There are good things about it, but at the end of the day, and maybe it’s partially because of all of the gloom in the political climate as well that has me melancholy as well, but I just don’t see myself having a long-term future in the Apple ecosystem, if the current trend continues.

This is what I’m looking to upgrade at home in the near future as I’m moving out of our temporary rental into our new home:

  1. Workstation
  2. Wireless router setup
  3. Home entertainment center
  4. Home Picture Management
  5. Secondary gaming machine

A few of years ago, I was under the impression that we’d be getting some better Mac Pro options that weren’t just tailored to heavy graphic workstations.

A few of years ago, I was under the impression that we were on the brink of getting better HomeKit wireless networking.

A few of years ago, I was under the impression that Apple was going to be really stepping it up with TV.

A few of years ago, I thought Apple was finally on the course to make managing my digital picture and movie life better.

It’s now been a few years.
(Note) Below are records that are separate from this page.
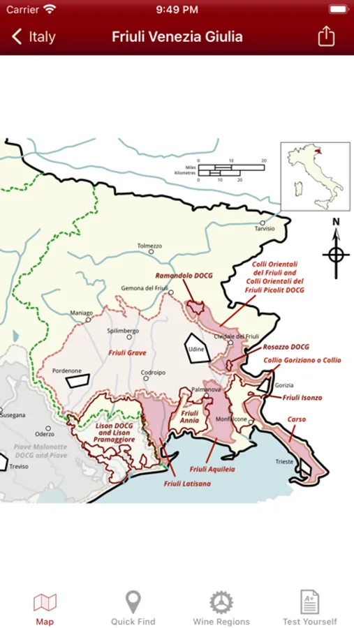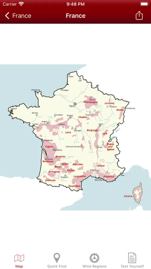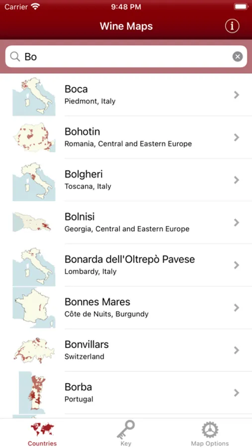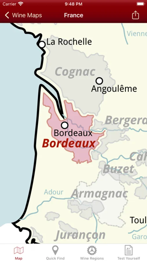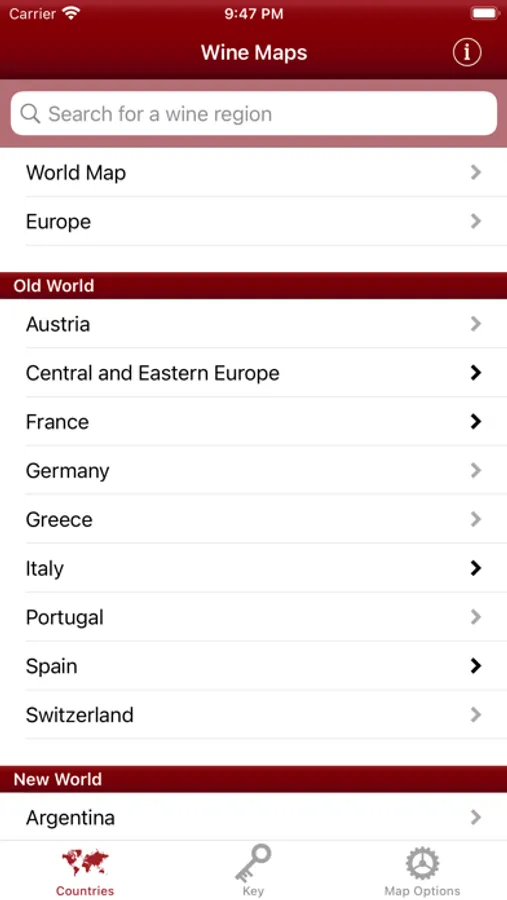 Each map is one or two taps away from the main screen. Simply choose from the main wine region list, and you instantly have a map of that region. You can search for regions by name, and Wine Maps will neatly zoom into its location. The surrounding regions will be greyed out to highlight the selected region. Each map has the wine regions clearly presented, along with rivers, cities, and major towns.
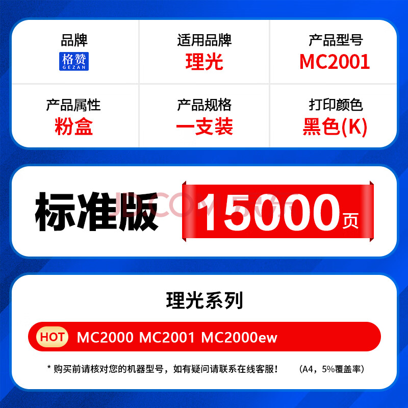 商品相册:格赞M C2001粉盒黑色 适用理光MC2000粉盒Ricoh MC2001碳粉MC2000ew/C/L/SP MC2501打印机复印机墨盒墨粉硒鼓第
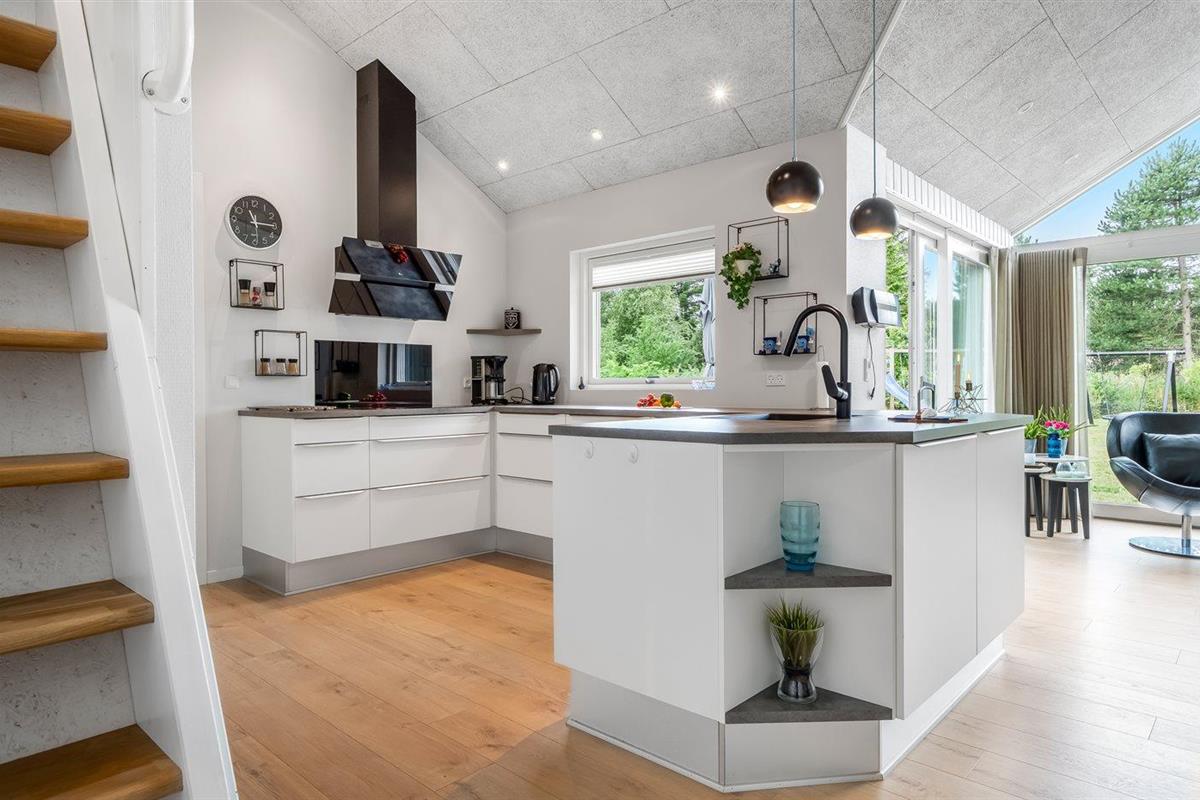 De keuken is uitgerust met koelkast Er is 4 inductiekookplaten, heteluchtoven, magnetron en vaatwasser.
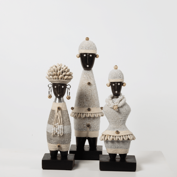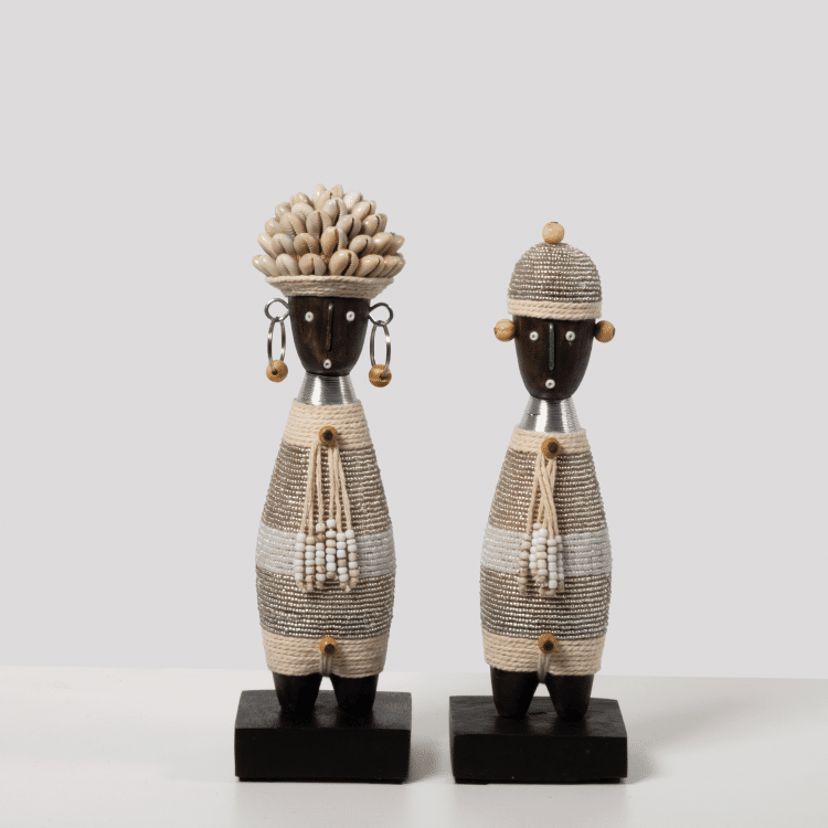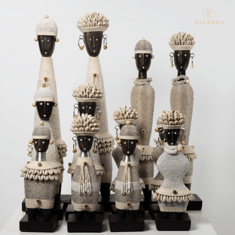 Unieke Namji Doll – I1, rijkelijk gedecoreerd en met neutrale tinten die perfect passen in elk interieur. Geleverd op een zwart platform.
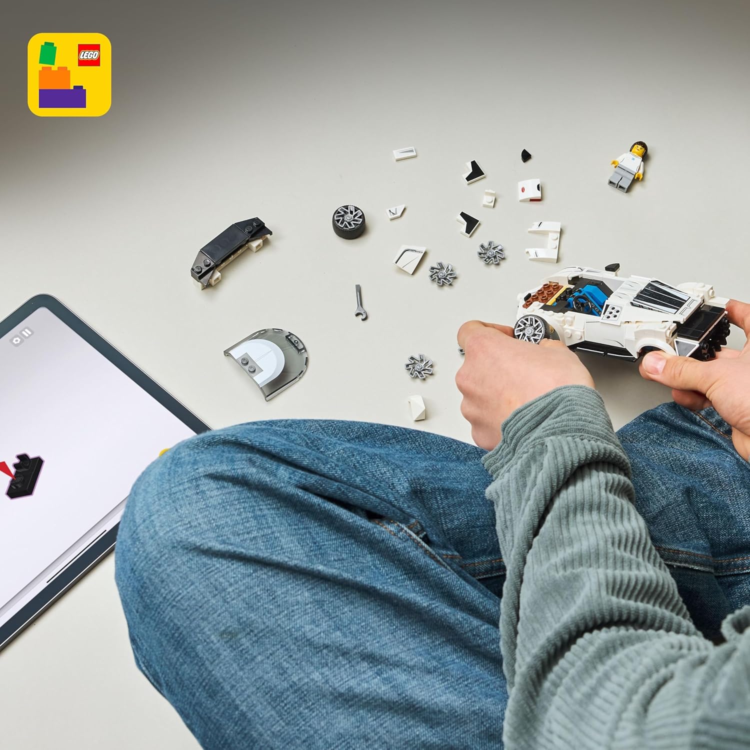 Legendary automotive craftsmanship takes center stage with the LEGO Speed Champions Bugatti Centodieci Hyper Sports Car (77240) building set for kids ages 9 years old and up. This premium model car kit captures the essence of one of the world’s most exclusive hyper cars, designed as a modern tribute to the legendary Bugatti EB 110. Every authentic detail has been meticulously recreated, from the distinctive five round air intakes and iconic horseshoe radiator grille to the dramatic overhanging rear wing and quad tailpipes that define this Bugatti masterpiece. Young builders can place the included driver minifigure—dressed in authentic Bugatti racing gear—behind the wheel for high-speed, pretend play racing adventures. After staging epic hyper car showdowns, car fans can proudly display their collection on shelves or a desk as eye-catching room decor. This exciting building toy perfectly balances hands-on construction fun with authentic details for an experience that both kids and adult builders will appreciate. Makes an awesome birthday gift for boys and girls who love sports cars, building toys, and bringing the world of high-performance racing to life. For enhanced building experiences, the LEGO Builder app provides digital guidance and 3D viewing tools. Contains 291 pieces.
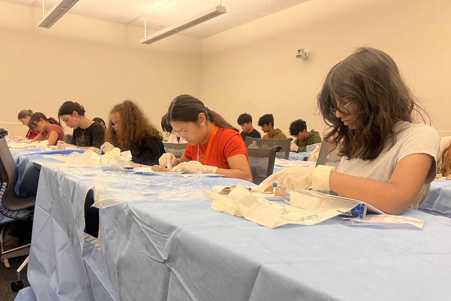 Students practice basic surgical skills using training models, learn proper suturing techniques, and participate in medical simulation exercises that introduce surgical decision-making and teamwork.
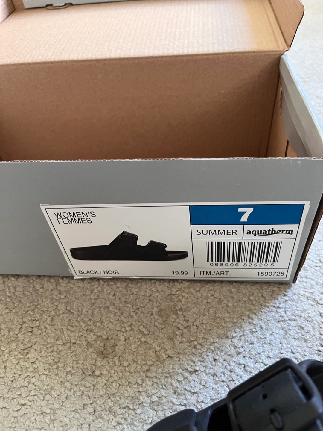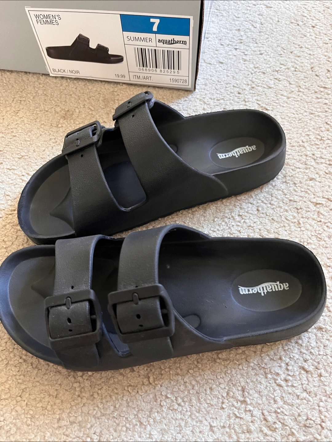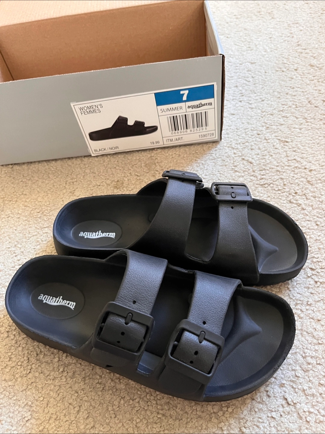 Selling a pair of Aquatherm Summer sandals in black. They are a size 7. The box is included. They are in good condition and ready for a new home!

As I sit here in the present, this is the only thing I see coming out of Apple: thinner and lighter. Sure, there is some interesting stuff in the periphery, like ARM-based Macs. But honestly, what else is there? I don’t know.

The latest “Mac” event, and I use that term extremely lightly, hinted at what I truly believe Apple thinks (or at least thought at the time, maybe they’ve started to revisit that notion), that this is the future of the Mac ecosystem:

The MacBook Pro hardware setup

A silly image of Mac’s connected to ugly crap – or, what Phil Schiller actually presented.

That’s just not Apple to me.

When I was picking up this MacBook Pro at the Apple Store, there was an old Apple Cinema Display.

mc007

I had forgotten just how beautifully clean those monitors were. It made me sad. What also made me sad as I looked around the store: the shear dominance of everything but Macs.

It seems clear that the future Apple wants is not the future that I want for it. That’s ok. But maybe that just means it’s time for me to move on too. If four of the five solutions above I need to satisfy in the near future simply cannot be an Apple product, it might finally make sense to go back to having my workstation not be one anymore too. After all, a Mac is really only needed for the code signing and App Store submission process these days anyway.